El primer gran paso para transformar El Salvador ha sido la conquista de la verdadera paz. Por primera vez en su historia, los salvadoreños saben qué es vivir en tranquilidad.
La inseguridad que fue cultivada y promovida en las administraciones de ARENA y del FMLN caló tan hondo en la psique nacional que muchos ciudadanos tienen interiorizados comportamientos negativos relativos a la violencia, el miedo y el terror que las pandillas sembraron a lo largo y ancho del país.
No obstante, para los ciudadanos honrados y trabajadores, conocer la paz ha sido un catalizador para impulsar el emprendimiento y los negocios, además de que ha significado un importante salto cualitativo en calidad de vida.
En la medida en que las políticas de seguridad pública del presidente Nayib Bukele se volvieron la nueva realidad hemos visto cómo una nación entera se transforma. La pesadumbre que caía sobre todos por vivir rodeados de la muerte, la impunidad, la corrupción y la falta de oportunidades terminó y ahora se respira optimismo y esperanza.
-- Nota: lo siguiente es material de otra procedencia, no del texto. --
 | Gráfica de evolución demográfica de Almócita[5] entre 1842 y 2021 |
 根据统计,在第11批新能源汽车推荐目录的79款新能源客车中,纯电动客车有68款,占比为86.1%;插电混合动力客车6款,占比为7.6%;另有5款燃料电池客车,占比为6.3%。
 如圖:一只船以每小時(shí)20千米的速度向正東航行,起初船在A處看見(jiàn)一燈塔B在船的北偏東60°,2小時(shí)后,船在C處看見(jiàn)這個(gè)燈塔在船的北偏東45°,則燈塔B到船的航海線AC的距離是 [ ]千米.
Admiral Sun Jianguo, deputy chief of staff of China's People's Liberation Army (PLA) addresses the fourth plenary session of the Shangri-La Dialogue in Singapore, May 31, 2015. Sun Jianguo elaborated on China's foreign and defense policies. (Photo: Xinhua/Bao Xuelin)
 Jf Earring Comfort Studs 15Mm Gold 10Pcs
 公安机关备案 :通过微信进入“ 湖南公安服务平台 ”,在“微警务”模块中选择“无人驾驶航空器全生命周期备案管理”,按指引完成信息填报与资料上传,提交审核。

El Centro Histórico de San Salvador pasó de ser un lugar tenebroso, dominado por el crimen organizado y convertido en pueblo fantasma al caer la noche a ser el corazón de un país entero. Los cambios impulsados cuando el presidente Bukele era el alcalde de la capital han empezado a tomar forma y a acelerarse desde el Gobierno.
Ahora, uno de los principales atractivos turísticos de El Salvador es su vibrante Centro Histórico, con edificios que son patrimonio cultural y se exhiben de manera orgullosa, como el Palacio Nacional, y otros que son una muestra del nuevo país que estamos construyendo entre todos, como la Biblioteca Nacional, un regalo de la República Popular China que fue gestionado por el presidente Bukele.
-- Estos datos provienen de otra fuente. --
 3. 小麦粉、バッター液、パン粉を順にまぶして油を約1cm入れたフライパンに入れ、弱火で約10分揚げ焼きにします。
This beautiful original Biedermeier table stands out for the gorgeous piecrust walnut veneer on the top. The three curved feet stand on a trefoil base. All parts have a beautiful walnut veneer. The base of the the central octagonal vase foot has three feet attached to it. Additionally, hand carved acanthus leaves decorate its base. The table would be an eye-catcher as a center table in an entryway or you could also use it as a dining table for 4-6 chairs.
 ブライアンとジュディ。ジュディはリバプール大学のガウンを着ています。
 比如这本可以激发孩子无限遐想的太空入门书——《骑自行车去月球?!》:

En la Oficina de Planificación del Área Metropolitana de San Salvador (Opamss) se han recuperado proyectos privados estancados por un monto de $1,200 millones.
Pero el proceso va más allá del Centro Histórico y de la zona metropolitana. Dentro de unos días, una empresa de capital salvadoreño inaugurará una importante inversión que transformará el paisaje urbano de una de las metrópolis de la zona oriental del país. Esto es una muestra de la confianza del sector privado en el Gobierno del presidente Bukele y de la seguridad jurídica en el país.
Estas oportunidades no han aparecido de forma espontánea, sino que son el fruto del trabajo y la planificación del Gobierno.